--- Data listing ---
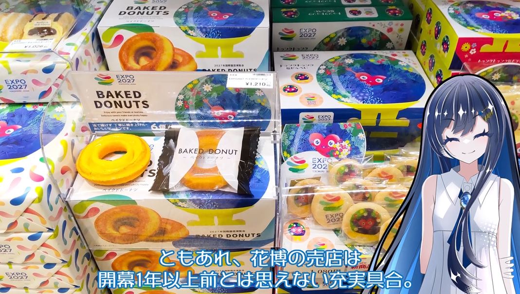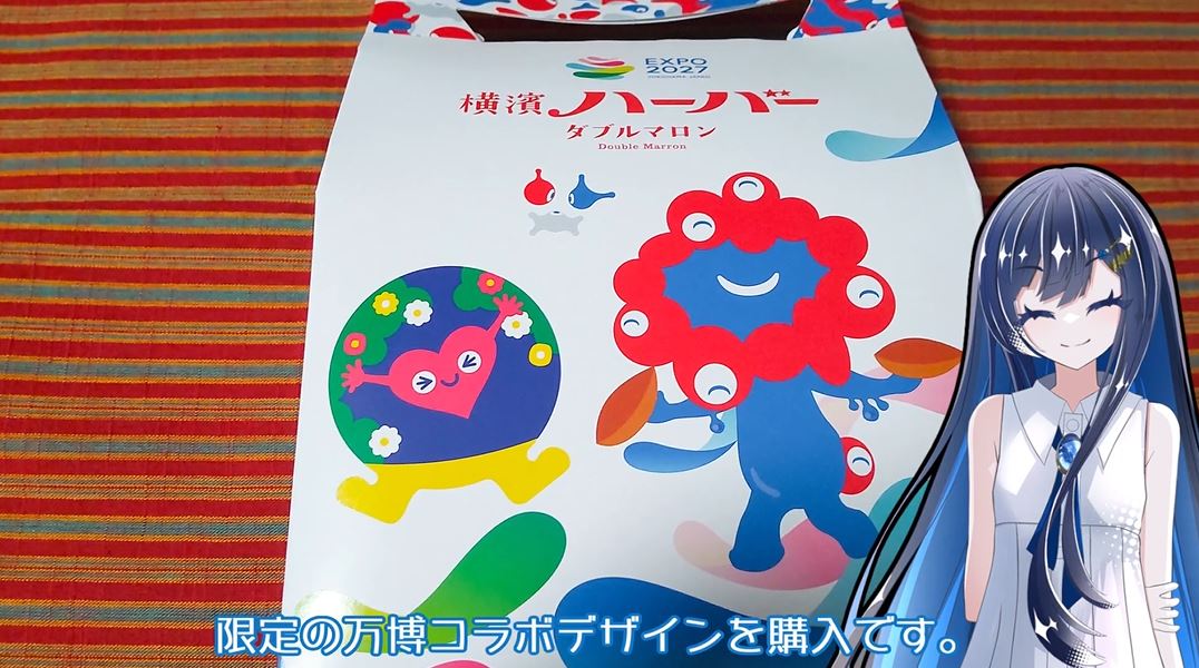 新横浜でのみすいぶさんの目的は横浜銘菓、ありあけハーバー。限定の万博コラボデザインは、ミャクミャクとトゥンクトゥンクが並んでいます。
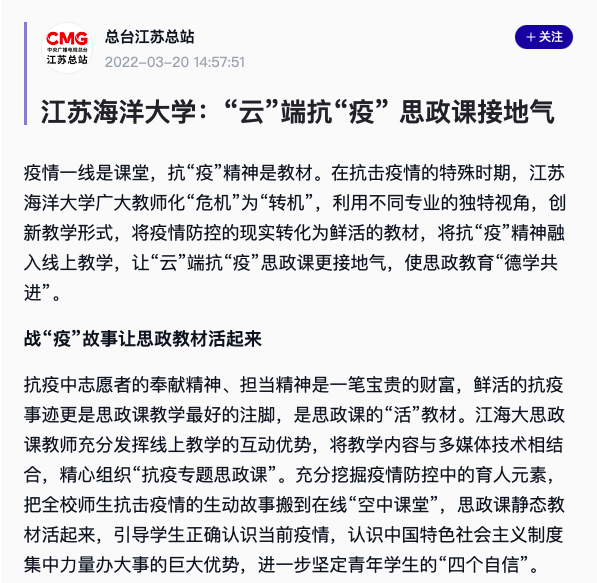 抗疫中志愿者的奉献精神、担当精神是一笔宝贵的财富,鲜活的抗疫事迹更是思政课教学最好的注脚,是思政课的“活”教材。江海大思政课教师充分发挥线上教学的互动优势,将教学内容与多媒体技术相结合,精心组织“抗疫专题思政课”。充分挖掘疫情防控中的育人元素,把全校师生抗击疫情的生动故事搬到在线“空中课堂”,思政课静态教材活起来,引导学生正确认识当前疫情,认识中国特色社会主义制度集中力量办大事的巨大优势,进一步坚定青年学生的“四个自信”。
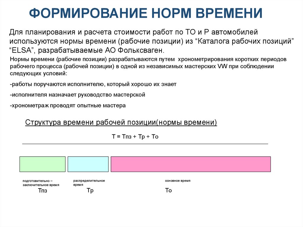 ФОРМИРОВАНИЕ НОРМ ВРЕМЕНИДля планирования и расчета стоимости работ по ТО и Р автомобилей
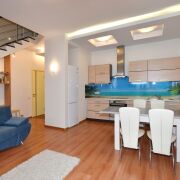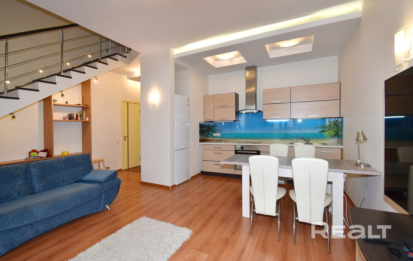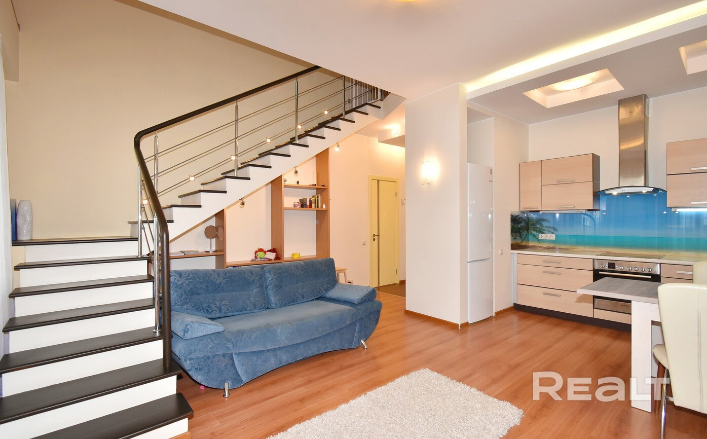 На длительный срок сдается 2х-уровневая квартира с 2 комнатами. Квартира укомплектована всей необходимой мебелью и техникой, две застекленные лоджии, два санузла. Установлен бойлер.
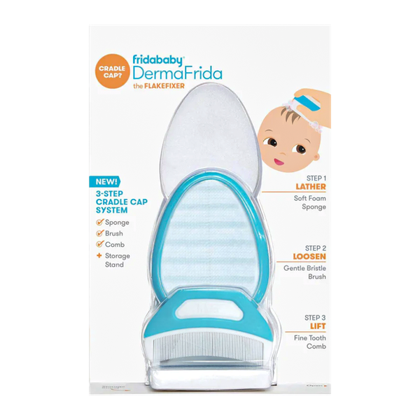 A three-step system designed to help treat and manage cradle cap in infants. This system includes a soft foam sponge, a gentle bristle brush, and a fine-tooth comb, collectively aimed at addressing the buildup of flakes on a baby's scalp.
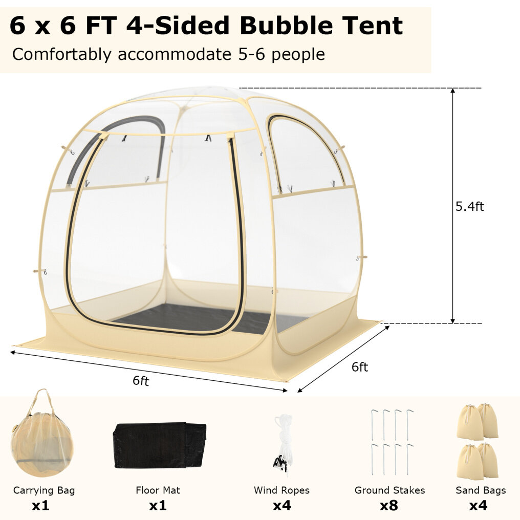 ● Enhanced Stability: The 6 x 6 ft/4.2 x 4.2 ft 4-side bubble tent comes with metal ground stakes to fix 4 corners of the tent and secure wind ropes, providing excellent stability even in windy conditions. Additionally, there are 4 sandbags that could be weighted down with stones or sand.
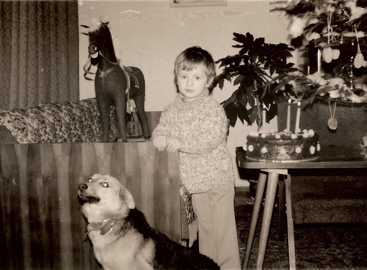 "Tretji rojstni dan v šolskem stanovanju nad Donačko goro v družbi našega psa Civila, ki je dobil ime po psu Civilu iz detektivske serije na televiziji. Čez čas smo sicer ugotovili, da nimamo Civila, ampak Civilo, ki je bila naš prvi ljubljenček. Še danes imam doma psa. Leseni konjiček za mano se danes nahaja v našem muzeju v zbirki otroško življenje."
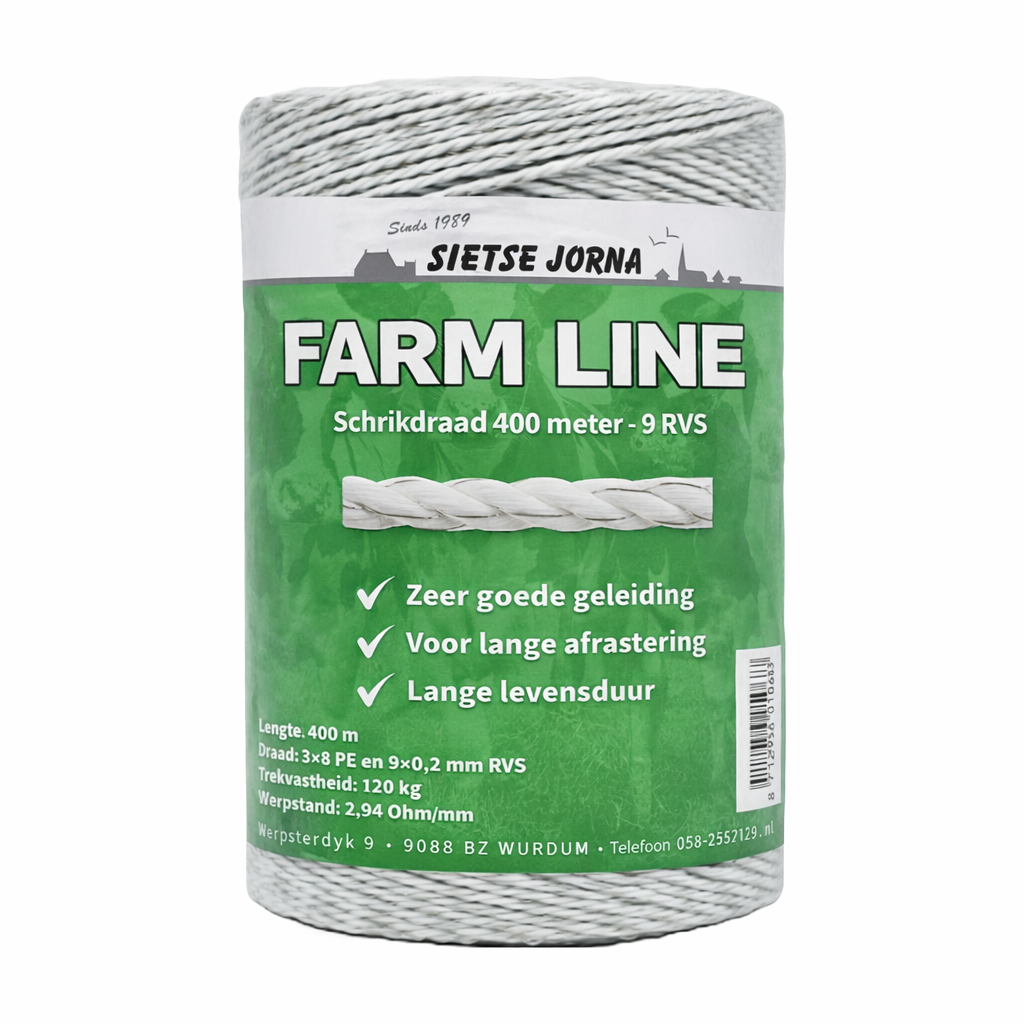 FARM LINE schrikdraad van Sietse Jorna is sterk schrikdraad voor iedere veehouder. Met een diameter van 3 mm en maar liefst negen roestvrijstalen geleiders (9 × 0,2 mm) staat dit schrikdraad garant voor uitstekende geleiding en lange levensduur. De hoge trekkracht van 120 kg biedt extra zekerheid. Dankzij het sterke PE-materiaal is het draad bestand tegen weer en wind en uitermate geschikt voor permanente afrasteringen in de agrarische sector. FARM LINE is een vervanger van de Tip Top schrikdraad.
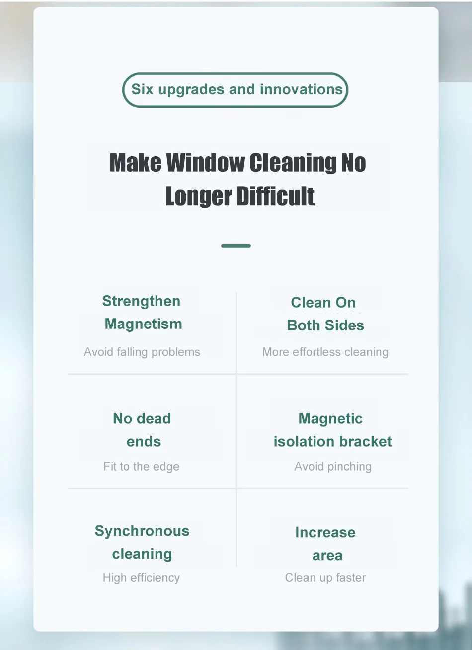 - Conception double face avec aimant puissant, vous pouvez nettoyer chaque coin facilement et en profondeur
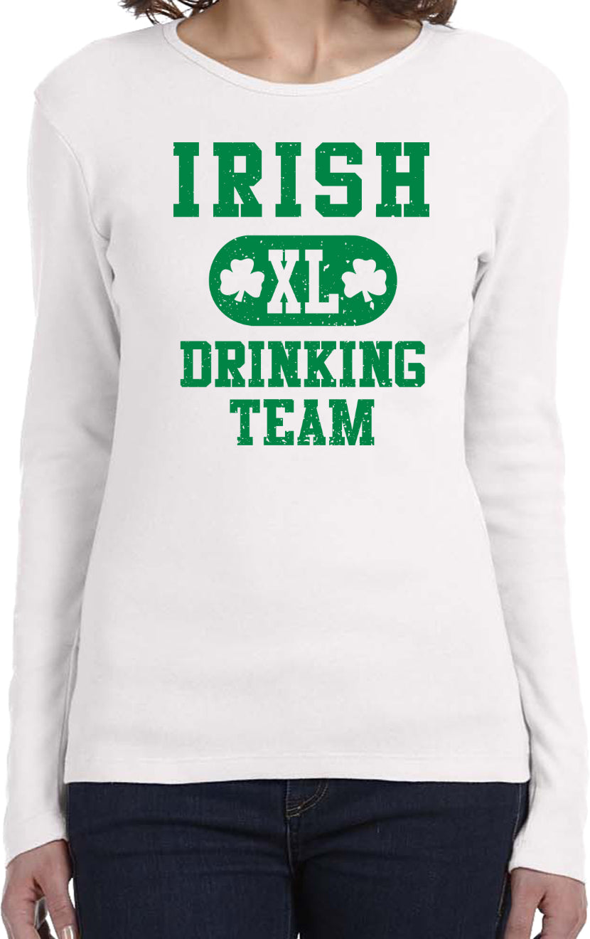 - A ladies St. Patrick's Day 3/4 sleeve shirt featuring a vintage Irish Drinking Team design
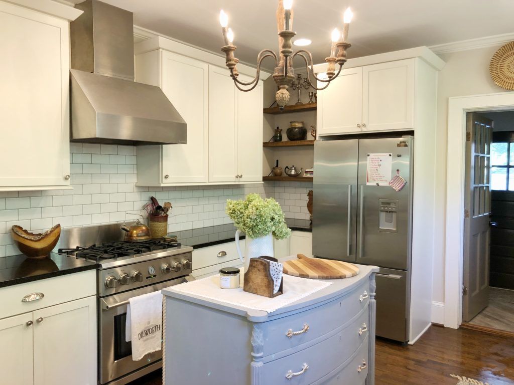 Mix It Up: “I love to mix luxury fabrics or tiles with things that are more reasonable,” says Laura, who also has an eye for mixing contemporary and antique furnishings. Items like the vanity in her bedroom are from West Elm, and the chairs and rug in the living room came from Details on Park Road. But many of the home’s accessories are from antique shops and estate sales.

--- Task to carry out ---
Print exactly, with no pictures, the lines above from the one that holds "- Conception double" through the one that holds "- A ladies St.", both of them included.

--- Solution to this exercise ---
 - Conception double face avec aimant puissant, vous pouvez nettoyer chaque coin facilement et en profondeur
 - A ladies St. Patrick's Day 3/4 sleeve shirt featuring a vintage Irish Drinking Team design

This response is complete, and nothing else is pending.